SAP's Business AI portfolio is structured into two tiers — Base and Premium — with fundamentally different commercial treatment. Understanding what sits in each tier is the starting point for any AI licensing assessment, and it's more complicated than SAP's marketing materials suggest.
The boundary between Base and Premium is not contractually fixed by default in SAP's standard terms. SAP regularly reclassifies features between tiers as its AI product evolves — a capability included in Base at contract signing may be reclassified to Premium in a subsequent product update, without a separate contract amendment. Enterprises should negotiate a contractually fixed feature schedule at signing that requires mutual consent before any reclassification.
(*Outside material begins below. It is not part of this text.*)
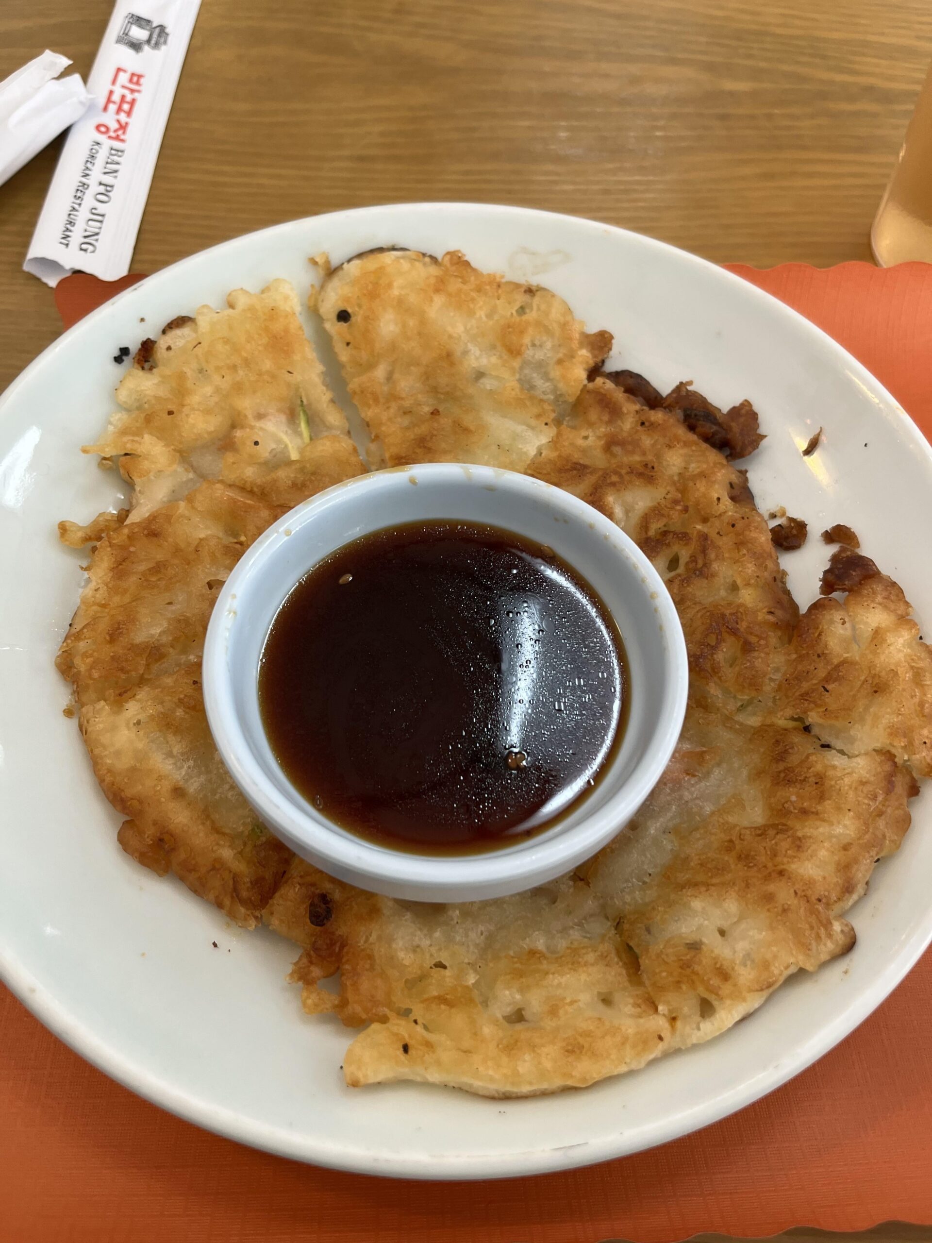 That’s just a little something the owner gives out for free. They call it bindaeteok, but it’s more like his own concoction (IIRC, it has washed kimchi in it). Regular bindaeteok is mostly comprised of mungbeans, and I don’t think that has that much (if any) mungbeans.

Joule is SAP's generative AI assistant — the flagship commercial manifestation of SAP's AI strategy. It operates across S/4HANA, SuccessFactors, Concur, Ariba, and SAP Analytics Cloud, providing natural-language interfaces, process automation suggestions, and — at the Premium tier — agentic task execution that can initiate and complete multi-step SAP transactions autonomously.
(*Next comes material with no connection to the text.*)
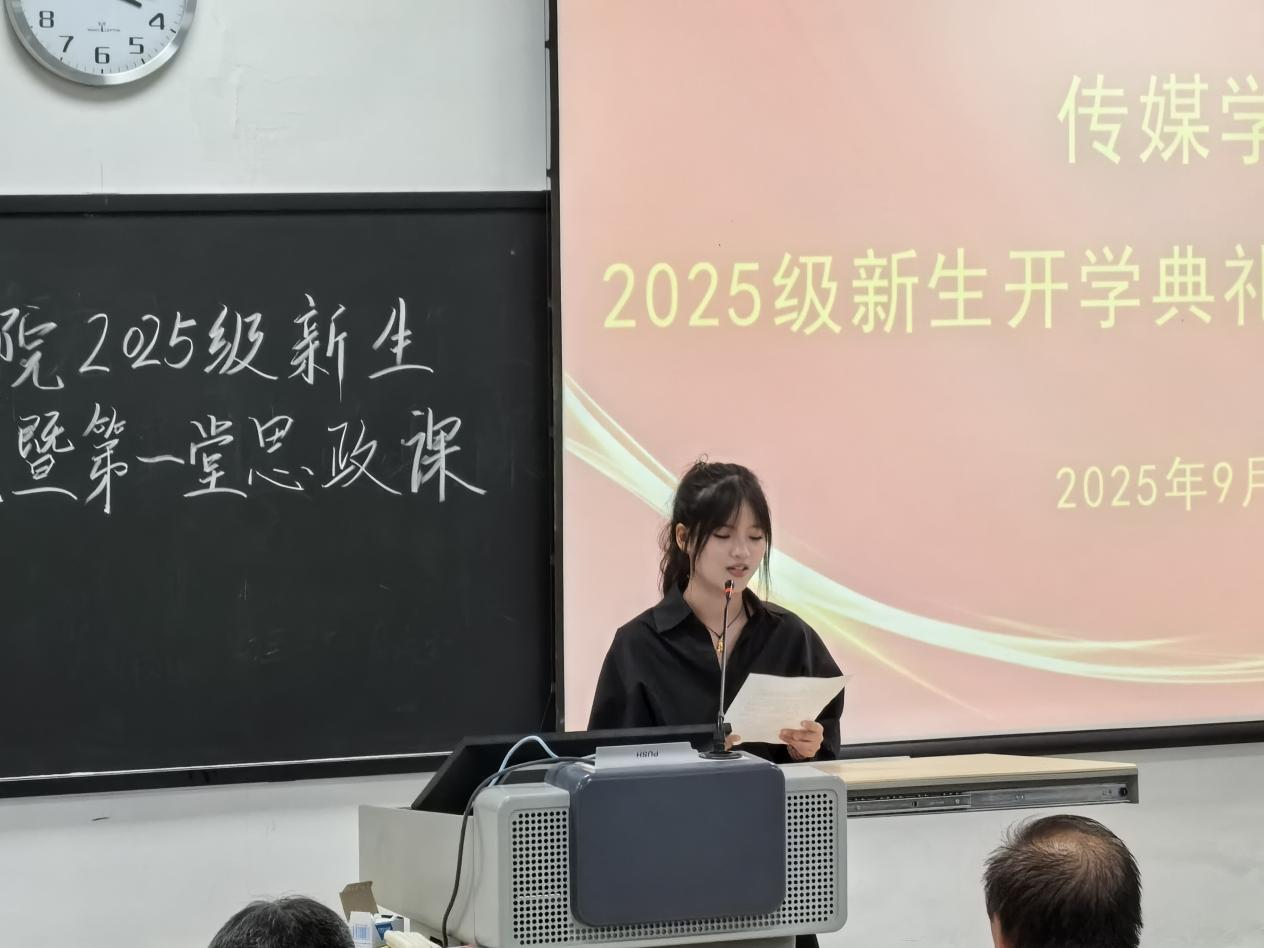 广播电视编导231班邹涵睿代表在校生发言,她分享专业学习心得,鼓励新生积极把握实践机会,主动在传媒领域探索,以热爱与坚持追逐梦想,共同成长。

Joule's commercial model distinguishes between two interaction types. Joule as a copilot — where a user asks Joule a question and receives a response or recommendation — is consumed at a relatively low AI Unit rate. Joule Agents — where Joule autonomously executes a defined business task, potentially spanning multiple SAP modules — consume significantly more AI Units per execution and are charged at a rate that scales with task complexity and execution steps.
The metering gap is significant. SAP's standard tooling does not provide per-task, per-user, or per-feature AI Unit consumption reporting at the granularity most enterprise finance and IT teams need for budget management. Enterprises deploying Joule at scale have limited ability to correlate consumption with business value or to identify which departments or use cases are driving the highest unit consumption. This opacity is commercially convenient for SAP and structurally disadvantageous for buyers.
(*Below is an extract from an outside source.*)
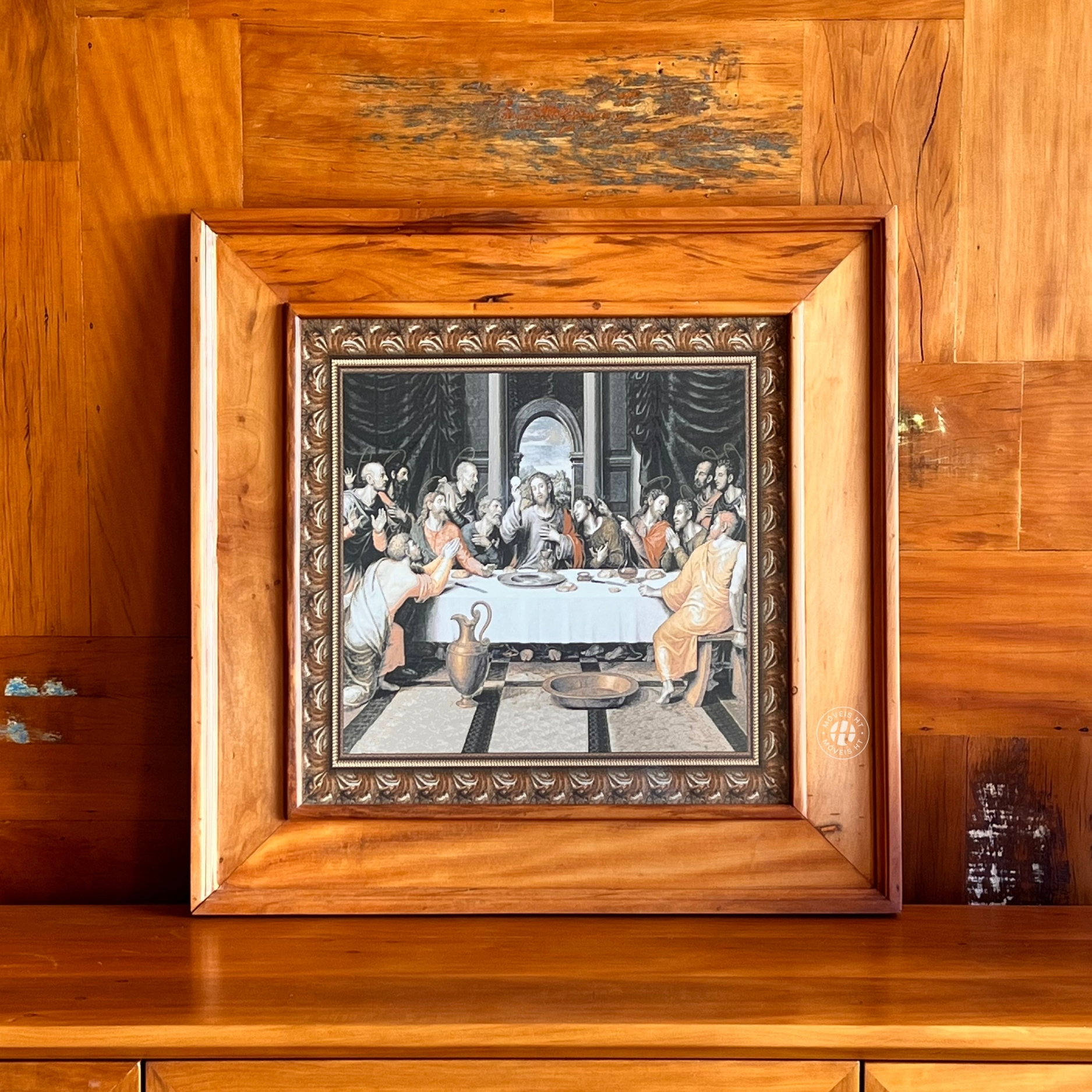 Moldura produzida em madeira de peroba rosa de demolição, material marcado por veios naturais que tornam cada peça única. No centro, uma placa em cerâmica que revela a imagem da Santa Ceia com delicadeza, equilíbrio e respeito à simbologia da cena.

SAP Joule for Developers is licensed separately from the business-user Joule copilot. Developer Joule — which provides AI-assisted ABAP Cloud coding, test generation, and documentation — is typically accessed through the Business Application Studio or SAP AI Foundation and may require separate AI Unit allocation or a developer-specific licensing SKU. Enterprises building custom extensions on BTP should assess their Joule for Developers consumption separately from their business-user AI licensing position. See our article on SAP Joule for Developers licensing for the full picture.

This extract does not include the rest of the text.